Когда стемнело, меня посадили на машину между двумя офицерами и повезли на Фонтанный переулок, там была их сигуранца (НКВД). Там капитан (и еврей пожилой как информатор) меня спрашивает, кто я, что я? Считалось, что все Крушеваны — богачи. Дядя мой якобы был черносотенцем. Вот с этим не согласен, буду доказывать это, пока жив. Дядя был против сионистов, то есть поступал так, как сейчас ваша партия, КПСС и советский народ… Дядя говорил, обращаясь к евреям: ну, почему вы не ассимилируетесь с другими народами, среди которых живете? Почему вы все время мутите, не довольны, не беретесь за труд? Ну и т.п.
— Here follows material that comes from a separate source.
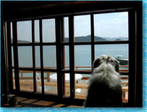 | 座間味島にある犬OK!のペンション。マリンサービス、というのがダイビングサービス(ショップ)の名前で、その宿泊施設がSOUTHWIND(サウスウィンド)。連絡先は同じ。今のところ、雑誌や本で「犬OKの宿」とは紹介されていない、秘密の花園といったトコロでしょうか?犬の料金なども無し。そのかわり、犬のための特別サービスも無し。ゴハンは自前で用意して、犬の健康管理も飼い主さんがしっかりと責任を持って。 目の前が海、というのがまず無条件にすばらしい。オーナーが筋金入りのダイバーなので、ダイビングをするヒトは存分に楽しめると思います。僕はすでにペーパーダイバーなので今回はパス。でも次回はぜひ、潜ってみたいです。 |

Сняли с меня погоны, капитан, правда, предупреждал: смотрите, не порежьте китель. И отправили в одну из комнат. Туда же приходила моя жена — я это узнал впоследствии. Приносила саблю и кортик. Говорила: мой муж должен быть где-то здесь, он русский душой. Ей ответили: не знаем. А я сидел в соседней комнате.

Утром меня вывели в туалет. Вели через двор, полный молодежи еврейского происхождения. Получали оружие. Когда они увидели меня без погон, стали кричать: этот офицер издевался над солдатами… Солдаты, которые меня вели, подошли ко мне поближе. Я и в самом деле опасался, что меня разорвут. Но когда я вышел из туалета, во дворе стояла тишина. Кто-то узнал меня и сказал остальным. Потом меня отправили к начальству. Допрос был ночью. Потом отправили в тюрьму.

Маленькое отступление. Там, где я сидел, был водопровод и отлив. Как-то слышу, за стеной — истерический женский голос: кто вас звал?.. Удар — и упало тело. Потом прибегает солдатик, набирает воду в банку из-под консервов… Этот же солдатик сказал мне, что приходила жена капитана, которого расстреляли. Он думал, что это моя жена.

Просидел я в тюрьме до третьего августа. Не давали спать. Смотрели в глазок, и стоило мне задремать, как я слышал: а чего вы спите?! И вот ночью меня вызывают. Один офицер сидит напротив меня за столом, другой слева, а третий на подоконнике. Тот, что визави, говорит: вам будут задавать вопросы, вы отвечайте на них, глядя только на меня…

Сначала спрашивали, кто я, что я… Потом сказали, что меня специально оставили (с тайным заданием), и за это меня расстреляют. Доказать, что я остался сам, я не мог. Потом спросили:

— Кого вы знаете из кишиневцев?

Имелись в виду политические деятели. А я не знался с ними. Во-первых, я относительно недавно приехал в Кишинев, во-вторых, не любил балов, ресторанов. Как я узнал впоследствии, в Ганчештах они нашли мой послужной список, — захватили бумаги полка, — и узнали, что я картограф. Что еще нужно для шпионажа? Спрашивали насчет армии, то, се…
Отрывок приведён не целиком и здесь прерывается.